Mona Lisa tablosunu hatırlamayan yoktur İtalya'nın Floransa şehrindeki Rönesans sırasında Leonardo da Vinci tarafından kavak bir pano üzerine Sfumato tekniği ile resmedilmiş 16. yüzyıl yağlı boya portresidir. Resim hâlen Paris'teki Louvre Müzesi'nde Francesco del Giocondo'nun karısı, Lisa Gherardini Portresi başlığı altında sergilenmektedir. Tabloda oturmuş bir kadın resmedilmiştir, kadının yüzünün kime ait olduğu hala gizemini ise korumaktadır. Yüz ifadesindeki belirsizlik, kompozisyonundaki anıtsallık, atmosferdeki ilginçlikler, tablo hakkındaki çalışmaları hala çizildiği günden beri günümüze kadar devam eden bir tartışma konusu olarak önümüzde durmaktadır
Elbette 16. yüzyılda resmedilen bir portre üzerinden de farklı okumalar yapıldığını da bir kenara not ederek ilerleyelim. Ben her zaman halının altına süpürülen kirlerin boşu boşuna oraya süpürülmediğini çok iyi analiz etmek lazım. Fransa'da LGBT'nin kalesi olarak günümüzde gördüğümüz ahlaksız yapılanmanın ve özellikle Olimpiyatlarda dünyaya sergilenmek istenen çarpık ilişkiler yumağının aslında geçmişten bugüne kadar ne denli ağır bir manevi saldırı içinde olduğumuzu da asla unutmamamız lazım. Kimine göre dedektiflik mi yapıyorsun denilebilir ama bu tür rastlantılar zincirinin boş yere olduğunu ben asla düşünmüyorum.

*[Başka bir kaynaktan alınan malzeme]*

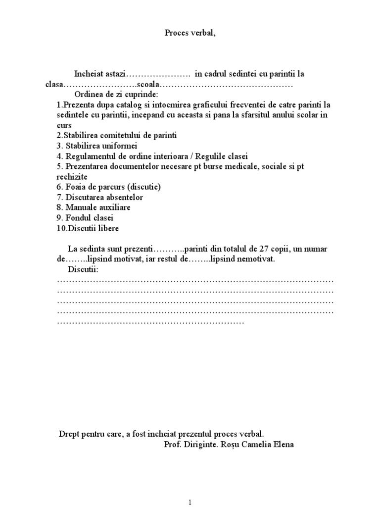 Probleme cu casnicia, suport, incurajari, pareri. După partea comună a şedinţei, fiecare dintre diriginţii de clasă au petrecut şedinţe individuale cu părinţii clasei, discutînd în particular insuccesele şi reuşitele. Proces verbal sedinta cu parintii. Folosirea strategiilor flexibile si deschise; Text of sedinta cu parintii.

Çünkü kirli ellerin her daim birleştiği ve toplumsal yapının bozularak bazılarının ceplerinin dolmasının işaret fişeğini yakmak isteyen malum kesimler asla bu savaşı net olarak sürdürmezler.
Gelelim konumuzun en can alıcı noktasına
Paris'teki Louvre müzesinde sergilenen ve Dünya'nın en ünlü resimlerinden biri olan Mona Lisa, sanat dünyasının daha derinlemesine anlayabilmesi için sayısız kızıl ötesi analizden geçmiş durumda. Özellikle bakış açıları, yüzündeki mimiklerden tutun da neyi kime nasıl ifade ettiğine kadar binbir türlü inceleme yapıldı Ve bu incelemeler sonrasında ise tarihçilerden tutun da sanatçılara kadar herkesin masaya koyduğu analizleri gördük. Benim en dikkatimi çeken ise, günümüzde hem dünyada hem de ülkemizde yaşanan bu denli LGBT sempatizanlarının giderek çoğalmasının da aslında sanat adı altında yapılan rezillikler yelpazesinin de bizlere estirdiği rüzgardan ibaret olduğunu da unutmamak lazım
Resim üzerindeki incelemelerinden sonra Silvano Vinceti bu ünlü resmin aslında iki farklı modelden ilham alınarak yapılmış olabileceğini ileri sürdü. Silvano Vinceti araştırmalarına göre; bu modellerin birinin Floransalı zengin bir tüccarın eşi olan Lisa Gherardini, diğerinin ise o zamanlar Da Vinci'nin 'çırağı' ve ilerleyen dönemlerde de ünlü bir sanatçı olarak tanınacak olan Gian Giacomo Caprotti diğer bi adıyla Salai veya Küçük Şeytan olduğunu belirtti.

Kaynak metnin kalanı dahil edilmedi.